Angola produziu menos petróleo em Janeiro

No primeiro mês do ano, de acordo com o último relatório da OPEP, Angola diminuiu a sua produção petrolífera em 10,9 mil barris por dia, tendo visto declinar, em Dezembro, as exportações de crude para a China, o seu principal cliente, em 178 mil barris em média diária.

POR: Luís Faria

A produção angolana de petróleo registou uma diminuição de 10,9 mil barris por dia, situando- se em 1,615 milhões de barris em média diária, de acordo com o relatório mensal da Organização dos Países Exportadores de Petróleo (OPEP), que cita as habituais fontes secundárias. No mês anterior, Dezembro, a produção angolana havia subido para 1,626 milhões de barris por dia, tendo a redução registada no primeiro mês do corrente ano sido a segunda maior entre os 14 países membros da organização, logo a seguir à da Venezuela, que verificou um tombo de 47,3 milhões de barris por dia de Dezembro para Janeiro.
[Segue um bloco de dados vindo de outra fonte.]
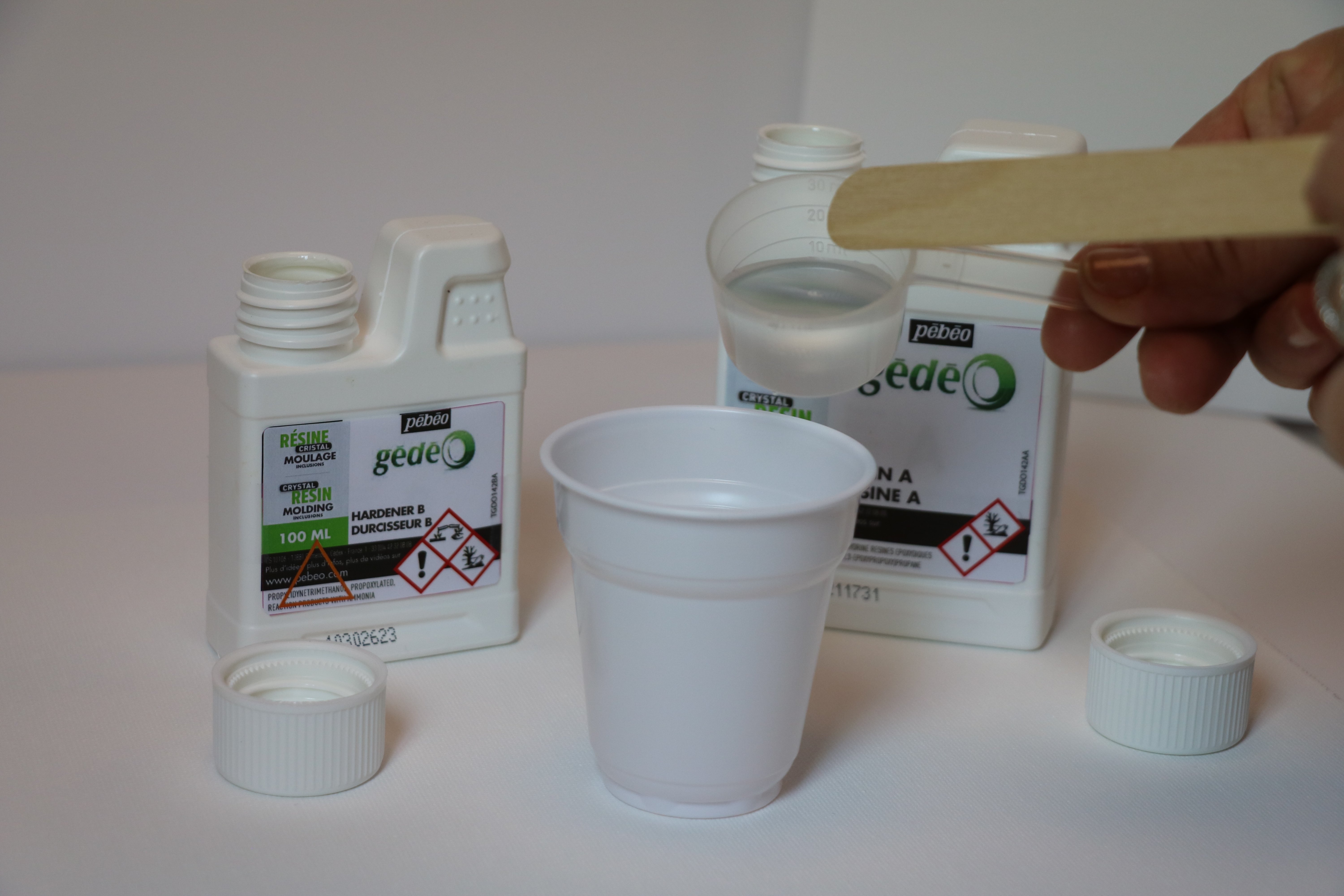Налейте в стаканчик 2 полные мерки смолы “А”

O tecto fixado à produção angolana de petróleo, de acordo com o regime de quotas em vigor na OPEP, é de 1,673 milhões de barris em média diária. A OPEP reduziu em Janeiro a sua produção global em 8,1 mil barris por dia, o que se fica largamente a dever às quebras registadas nas produções venezuelana e angolana, e ainda na da Nigéria, o primeiro produtor africano, a qual recuou 8,1 mil barris. A Nigéria produziu em Janeiro, em média, 1,819 milhões de barris diariamente. Já o Irão aumentou a respectiva produção em 30 mil barris por dia, a Arábia Saudita em 23,3 mil e a Líbia em 21 mil. A produção conjunta da OPEP atingiu, no primeiro mês de 2018, 32,302 milhões de barris em média diária.

Exportação para a China recua

Por outro lado, as exportações de petróleo bruto angolano para a China contraíram-se em Dezembro, o último mês de que há informação disponível, 178 mil barris por dia em termos médios, mantendo-se Angola como o terceiro fornecedor da potência asiática, com uma quota de 9% no conjunto das suas importações de crude. As importações chinesas de petróleo provenientes da Rússia também declinaram naquele mês em 61 mil barris por dia, tendo, pelo contrário, as com origem na Arábia Saudita aumentado em 53 mil barris em média diária. As importações chinesas de petróleo bruto decaíram significativamente em Dezembro em comparação com o nível elevado registado no mês anterior, registando uma quebra de 1,1 milhões de barris por dia (menos 12%), para se situarem em 8 milhões de barris em média diária. Também as importações de crude efectuadas pela Índia, outro mercado importante para o petróleo angolano, registaram em Dezembro uma quebra de 11 mil barris por dia face ao mês precedente, para se situarem em 4,6 milhões de barris em média diária.

Pelo contrário, e já no mês de Janeiro, as importações de petróleo bruto dos Estados Unidos, apesar do continuado aumento da produção norte-americana de óleo de xisto, cresceram, atingindo 8 milhões de barris em média diária, o nível mais elevado apurado desde Maio de 2017. De acordo com o relatório da OPEP, a procura mundial por petróleo deverá crescer este ano mais rapidamente do que o esperado, uma previsão que decorre do bom momento que atravessa a economia mundial, reforçando o acordo estabelecido entre a organização e outros 10 países exportadores da matéria-prima no sentido de reduzir a respectiva produção em cerca de 1,8 milhões de barris por dia com vista a reduzir o excesso de oferta global.

Mesmo assim, o mercado global só retomará o equilíbrio no final de 2018, pois preços mais elevados incentivam os Estados Unidos e outros produtores que não pertencem à OPEP, nem subscreveram o acordo que coloca um tecto à oferta, a produzir mais. A OPEP prevê que a procura mundial por petróleo aumentará para 1,59 milhões de barris por dia este ano, mais 60 mil barris do que o estimado anteriormente. ‘O desenvolvimento económico saudável e sustentável nos principais centros globais de procura de petróleo constitui o principal factor explicativo do crescimento na procura’, considera a organização no relatório. ‘Prevê-se que esta estreita ligação entre crescimento económico e procura de petróleo prossiga, pelo menos no curto prazo’, acrescenta o documento.